# Skunked at Sulphur Creek Reservoir



## wyogoob (Sep 7, 2007)

Not even a bite - six hours, 13 different holes, at Sulphur Creek Reservoir.

So goes ice fishing.


----------



## lehi (Sep 13, 2007)

That just sounds like a grand time.


----------



## Grandpa D (Sep 7, 2007)

I told you that the 9' fly rod would be a poor choice! -|\O-


----------



## wyogoob (Sep 7, 2007)

Grandpa D said:


> I told you that the 9' fly rod would be a poor choice! -|\O-


 That and the caribou hair flies.

Geeze, I read your Rockport "find *GrandpaD*" instructions today.....ah..No wonder I couldn't find ya. I was looking for a guy north of the boat ramp, with a red goatee, in a green icefishing tent, sitting on a jet sled.

Did you see me in the low flying blue plane? *Petersen *was driving. :lol:


----------



## blueboy22 (Sep 30, 2007)

The name Sulphur Creek say's it all, doesn't it.


----------



## Grandpa D (Sep 7, 2007)

wyogoob said:


> Grandpa D said:
> 
> 
> > I told you that the 9' fly rod would be a poor choice! -|\O-
> ...


I thought that I saw Peterson in that plane but it looked like Dell Schonzee was behind the controls to me. :rotfl:


----------



## wyogoob (Sep 7, 2007)

Grandpa D said:


> wyogoob said:
> 
> 
> > [quote="Grandpa D":34ohsdxr]I told you that the 9' fly rod would be a poor choice! -|\O-
> ...


I thought that I saw Peterson in that plane but it looked like Dell Schonzee was behind the controls to me. :rotfl:[/quote:34ohsdxr]
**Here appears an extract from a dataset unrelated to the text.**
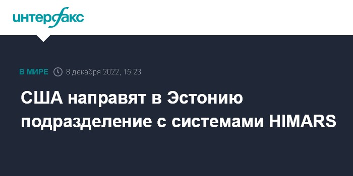 Москва. 8 декабря. INTERFAX.RU - США в ближайшие недели направят в Эстонию пехотную роту и подразделение с реактивными системами залпового огня HIMARS, а также соответствующее оборудование и системы управления. Об этом сообщает в четверг агентство BNS со ссылкой на эстонское министерство обороны.

Got skunked at Sulphur Creek *again* yesterday.

Got to work on my auger for 3 hours. Gave me something to do.


----------



## JAT83 (Sep 9, 2007)

Still beats a good day of work, right?


----------



## STEVO (Sep 13, 2007)

You guys saw that Blue plane too?? We were up at the berry and that guy was buzzing all the fisherman out there. Was swerving in & out of the mountains, flew about 50 feet from some people even. The fish cop guy was pissed he was flying so wrecklesly!!!


----------



## riptheirlips (Jun 30, 2008)

Are they holding the ice fishing derby at Sulpher resevoir this year??


----------



## wyogoob (Sep 7, 2007)

riptheirlips said:


> Are they holding the ice fishing derby at Sulpher resevoir this year??


No more Sulphur Creek Derby.

The impact on the local economy has been dramatic: one-half of the jail cells in the County building have been turned into a day-care center, two liquor stores have closed, and the adult bookstore has laid off 3 workers! 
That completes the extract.